DIRECTIONS FOR THIS TASK
Only the pictures are to be dropped, and the rest of the data should be copied exactly.

DATASET CONTENT
┄┄┄┄┄┄┄┄┄┄
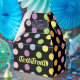 Rainbow polka dots. Seamless pattern. Custom background color. Custom text on both sides.
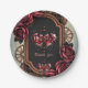 Assiettes En Carton Cadre Steampunk avec Roses rouges et Engrenages
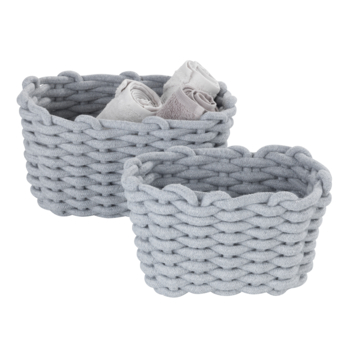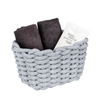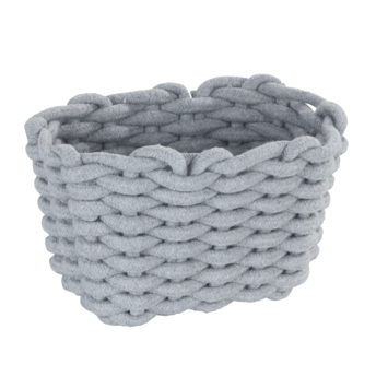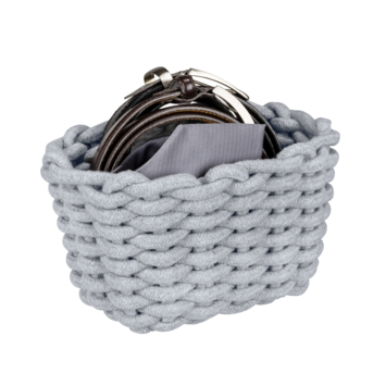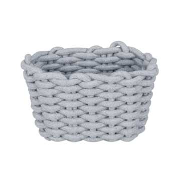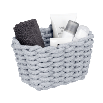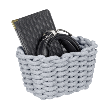 De heerlijk zachte opbergmand Tia S is de ideale organizer voor het hele huishouden. De Scandinavische grijze opbergmand past mooi bij donkere, lichte of bruine meubels.Het is een sierlijk mandje dat overal gebruikt kan worden voor het opbergen van onder andere badkameraccessoires, sokken en ondergoed, snoepjes, sjaals en mutsen. De gevlochten opbergmand is gemaakt van de volgende materialen: gebreid katoenen koord: 38,5% polyester, 36,5% katoen, 19,8% viscose, 5,2% polyamide. Naast de kleine opbergmand Tia S is ook de opbergmand Tia M verkrijgbaar.
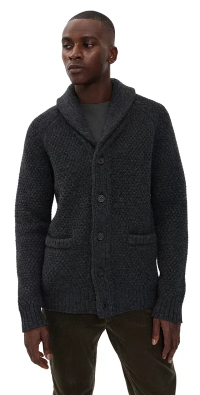 The Fisherman Shawl Cardigan Heather Coal Merino In Black
┄┄┄┄┄┄┄┄┄┄
PROBLEM SOLUTION
 Rainbow polka dots. Seamless pattern. Custom background color. Custom text on both sides.
 Assiettes En Carton Cadre Steampunk avec Roses rouges et Engrenages
 De heerlijk zachte opbergmand Tia S is de ideale organizer voor het hele huishouden. De Scandinavische grijze opbergmand past mooi bij donkere, lichte of bruine meubels.Het is een sierlijk mandje dat overal gebruikt kan worden voor het opbergen van onder andere badkameraccessoires, sokken en ondergoed, snoepjes, sjaals en mutsen. De gevlochten opbergmand is gemaakt van de volgende materialen: gebreid katoenen koord: 38,5% polyester, 36,5% katoen, 19,8% viscose, 5,2% polyamide. Naast de kleine opbergmand Tia S is ook de opbergmand Tia M verkrijgbaar.
 The Fisherman Shawl Cardigan Heather Coal Merino In Black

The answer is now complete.